Communications Litigation Today was a service of Warren Communications News.
DBS Competition

Montgomery County Push to Drop DBS from Effective Competition Could Have Broader Implications

Montgomery County, Md., is hoping to change some of the rules governing how the FCC frees cable operators from local rate regulation. It recently asked the Media Bureau not to grant a special relief request from Comcast that would free the cable operator from local rate regulation in some Montgomery County towns. Opposition from local franchise authorities to such requests by cable operators is not new. But Montgomery County argued the bureau should stop making findings of “effective competition,” based solely on competition from Dish and DirecTV (CD Dec 13 p23). That argument, if it holds up, could affect how other operators in areas where no wireline competition exists are able to seek similar local rate regulation relief.

The FCC’s “own cable pricing report shows that the rules are not working, and we think they ought to take this opportunity to ensure that rates are reasonable,” said Mitsuko Herrera, Montgomery County’s cable and broadband administrator. “The FCC’s own data shows that you need wireline competition to be effective for consumers,” she said.

Comcast’s response, filed with the FCC just before the holidays (CD Dec 26 P15), said the Communications Act compels the commission to consider DBS operators as effective competition. The relevant section defines “effective competition” as a case where a region is served by at least two unaffiliated MVPDs offering their services to 50 percent of households, where at least 15 percent of homes buy services from those other than the largest MVPD. “Based on these unambiguous statutory provisions, DBS competition must be considered in this proceeding,” Comcast said.

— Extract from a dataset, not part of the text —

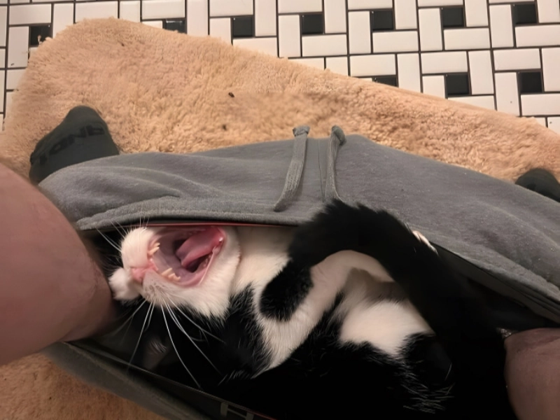 すべての猫は独自の独特の癖を持っていますが、これは抜きん出ています。あなたの足元に横たわる代わりに、それはあなたのパンツの中に巣くうことを好み、それらを即席のハンモックに変えます。猫の心を通り抜けるものを告げることはできませんが、快適さと創造性は常にリストの上位にあります。

But Montgomery County points to another section of the law that requires the FCC to ensure the rates for basic tier cable service are reasonable. “The title of that section is Commission Obligation to Subscribers,” Herrera said. She said the issue could affect other jurisdictions and that others can participate in the proceeding. “It may set some precedent that sets some other things in motion,” she said.

The county made the request within an open effective competition proceeding, rather than as a separate petition for rulemaking, to increase the chances it would get the FCC’s attention, Herrera said. “What you have found in other instances where people have filed petitions on the general issues, they [the FCC] do not feel an obligation to respond to them,” she said. “What’s live before the commission is the filing Comcast has done, and we are responding in that proceeding."

Cable operators in further-flung regions often rely on DBS subscriber figures to get a finding of effective competition, said Eric Breisach, an attorney with Womble Carlyle who has represented cable operators. “If you're outside an area where you have telephone company video competition, you most frequently fall back on the dual provider test, and most frequently that’s triggered by DBS,” he said. “Outside of the very largest markets, you need DBS to be included in this test to have a shot at effective competition, in most cases.” Some exceptions are when there’s a traditional or municipal overbuilder operating, he said.

But the statute is clear on how such competing providers are defined, Breisach said. “The definitions they're seeking to have the commission change are all statutory,” he said. “DBS is an MVPD and the statute puts the dual provider test in terms of other MVPDs.”